Civil parish in the City of Milton Keynes, England

Clifton Reynes is a village and civil parish in the unitary authority area of the City of Milton Keynes, Buckinghamshire, England. It is about a mile east of Olney. It shares a joint parish council with Newton Blossomville. It is situated roughly 8 mi north of Central Milton Keynes and 9 mi west of Bedford.

==Extent==
It is bounded, on the North, by the River Great Ouse, by which this parish is separated from Lavendon and Cold Brayfield; on the East, by Newton-Blossomville; on the South, by Petsoe and Emberton; and on the West, by the latter and by Olney.

==Origin of name==
The village name comes in two parts: the former name 'Clifton' is Anglo Saxon in origin and means 'Cliff farm', referring to the village's position on a cliff on a bank of the River Ouse. The latter name 'Reynes' refers to the ancient lords of the manor of the village, whose family name this was. In the Domesday Book of 1086 Clifton Reynes was recorded as Cliftone.

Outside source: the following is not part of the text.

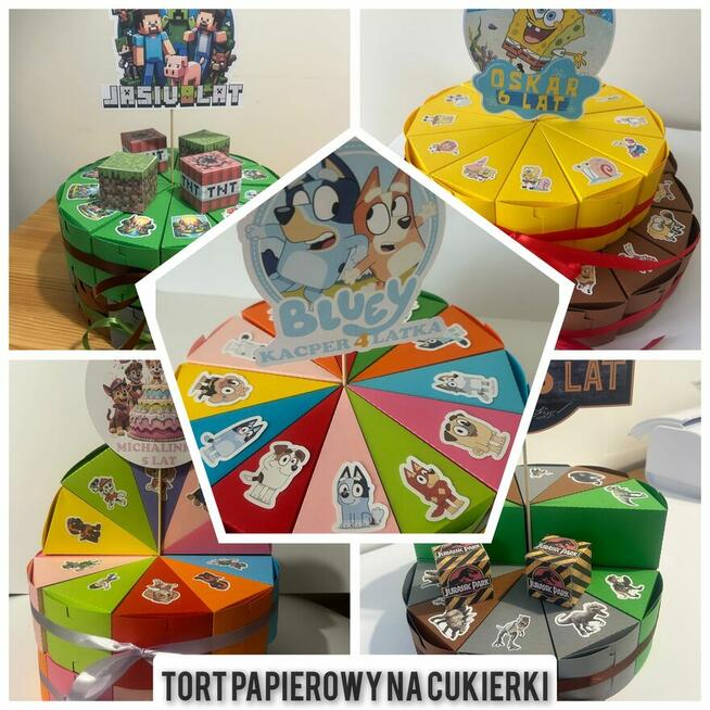 Tort papierowy do przedszkola, na urodzinki na słodkości lub drobne upominki. 1 piętro to 10 lub 12 kawałków w cenie 28 ...

==Church of St Mary the Virgin==
The parish church dedicated to St Mary is (unusually for a Buckinghamshire church) completely castellated: even the gables are embattled. The tower is thought to be Norman; however, the top is later probably 14th century. The majority of the building is of the 13th, 14th and 15th centuries and the nave is unusually tall. Features of interest include the 14th-century font and the medieval monuments of the Reynes family. These include two pairs of wooden effigies; one pair is of Ralph and Annabel de Reynes (ca. 1320–30) and the other is unidentified and slightly earlier.

The building is Grade I listed.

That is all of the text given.